Cara Mengapresiasi Diri

BABAK 9
Cara mengapresiasi dirinya sebagai guru, adalah cara awal untuk menertibkan nalar bahwa dirinya menjadi salah satu penentu arah bangsa ini. Hingga hal-hal yang di luar konteks pendidikan untuk sementara diabaikan. Bukan tidak penting, tetapi kalau sebagian energi seorang dihabiskan untuk menjaga nalar para guru yang tidak mengarah pada kekuatan membangun peradaban, katakanlah begitu. Visi pribadinya bisa tergores, lalu bisa menimbulkan dendam, efeknya yang menganggu sekaligus meruntuhkan value yang telah susah payah dibangun. Jangan rusak nalarmu dengan perkataan-perkataan yang impulsif itu. Guru, jauhkanlah dari pendendam, dan kuat-kuat tolak lupa.

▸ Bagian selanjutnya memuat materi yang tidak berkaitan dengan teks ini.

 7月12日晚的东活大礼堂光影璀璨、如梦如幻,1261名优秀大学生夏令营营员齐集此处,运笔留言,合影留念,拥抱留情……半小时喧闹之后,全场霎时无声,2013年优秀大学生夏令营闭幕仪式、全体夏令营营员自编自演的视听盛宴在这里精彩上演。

Sebutkan saja sebagai perumpamaan. Seorang guru yang di dalam nalarnya menilai sesuatu adalah bisa diubah sesuai kehendaknya. Diduga ia akan memberikan penilaian semudah menoleh, tanpa pernah kalkulasi rekam jejak seseorang yang telah dinilainya. Ujungnya guru telah mendapatkan framing tertentu akan terus melekat, meski ia telah mencoba memperbaikinya.

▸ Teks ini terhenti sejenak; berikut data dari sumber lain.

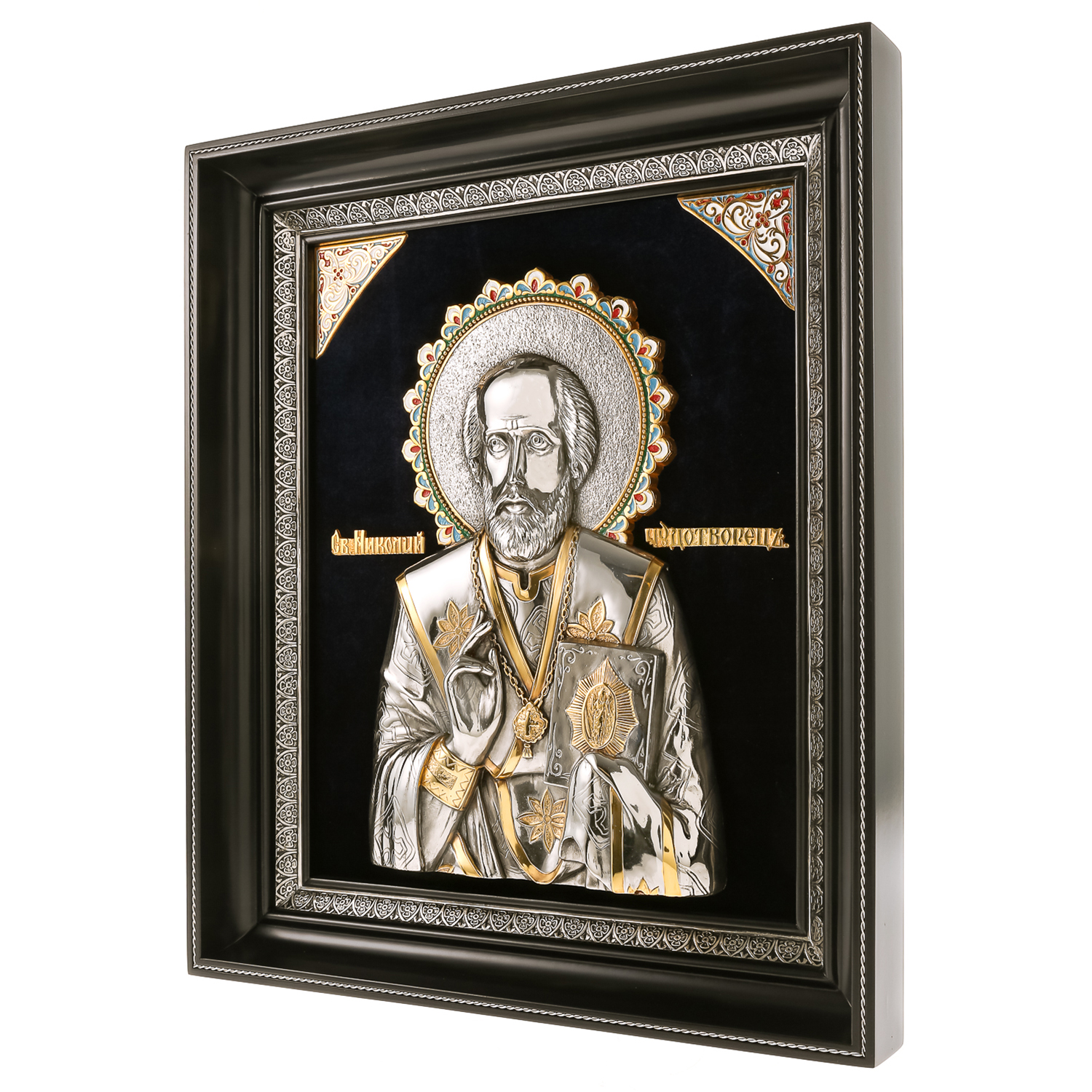 Икона изготовлена Крымскими мастерами с благословлением Митрополита Симферопольского и Крымского Лазаря. Икона является произведением ручной работы. Оклад выполнен из меди, обработанной в технике гальванопластики, с гальваническим покрытием золотом и серебром. Киот резной, изготовлен из массива лиственных пород древесины и покрытием атмосферостойким лаком.

Apalagi kepentingan bawahannya bisa menjadi hal yang merepotkan. Ketika hal-hal yang sudah disepakati sebagai suatu kebijakan, pada saat nantinya bisa diterabas tanpa memandang hasil kesepakatan. Musyawarah dianggapnya sebagai sesuatu bisa diobrak-abrik semaunya. Analisisnya sederhana, bisa saja ia kenal dekat pengampu kebijakan, dekat secara afiliasinya sama, dekat karena soal feminimnya sama. Pada saat yang sama ia sedang menunjukkan ketidakpatuhan pada soal-soal organisasi. Semuanya bisa dipatahkan dengan diskusi kecil yang menohok. Apalagi ia mengenali betul bagaimana warna pengampu kebijakan. 

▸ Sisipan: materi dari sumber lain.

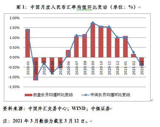 实际情况是,新年头两个交易日,人民币汇率应声升破6.50。但1月6日至2月底,在6.43~6.50区间窄幅盘整。1月份,中间价和收盘价均值环比继续上涨1%,2月份只涨了0.2%(见图1),显示人民币做多动能逐渐衰减。

Orang-orang di dekatnya bisa saja tak mampu mengakali bagaimana menghentikannya, tetapi ia, si guru yang selalu potong kompas tak bisa menghindari dari pada penilaian-penilaian. Bahkan secara nyata ia sedang memahat dirinya untuk jadi patung arogansi. Merasa sudah lama, merasa punya investasi dedikasi hingga mudah untuk mematahkan apapun yang dinilainya tak sepadan untuk dirinya. Yang parah, ia melakukan hasil mulut-mulut yang di antara giginya tidak ada jaronya. Mungkin ia memenangkan setiap pertarungan kebijakan yang sudah tertulis, tetapi ada banyak mata yang tajam yang selalu mengawasi bagaimana ia punya selera menolak. Bukan untuk memberikan vonis ghibah, tetapi untuk mencegah agar pikirannya tetap pada pengabdian seorang guru dan api tekadnya.

Sebagai salah satu penentu peradaban penjaga dignity mestinya mendapat tempat tertinggi dari dirinya, yakni seorang guru. Agar jalan murid-muridnya tak pernah gamang melangkah. Pikirannya jernih menyegarkan. Harapannya tinggi memuncak. Dan seterusnya. Dengan cara ini guru sedang memotret dirinya tanpa memikirkan bayangannya. Pada saat nantinya murid melampaui bayangan sang guru, sang guru tunduk sujud mencium bumi. Lalu mereka akan memodelkan para pembawa pelita sebagai gambaran utuh tempat mereka bercermin.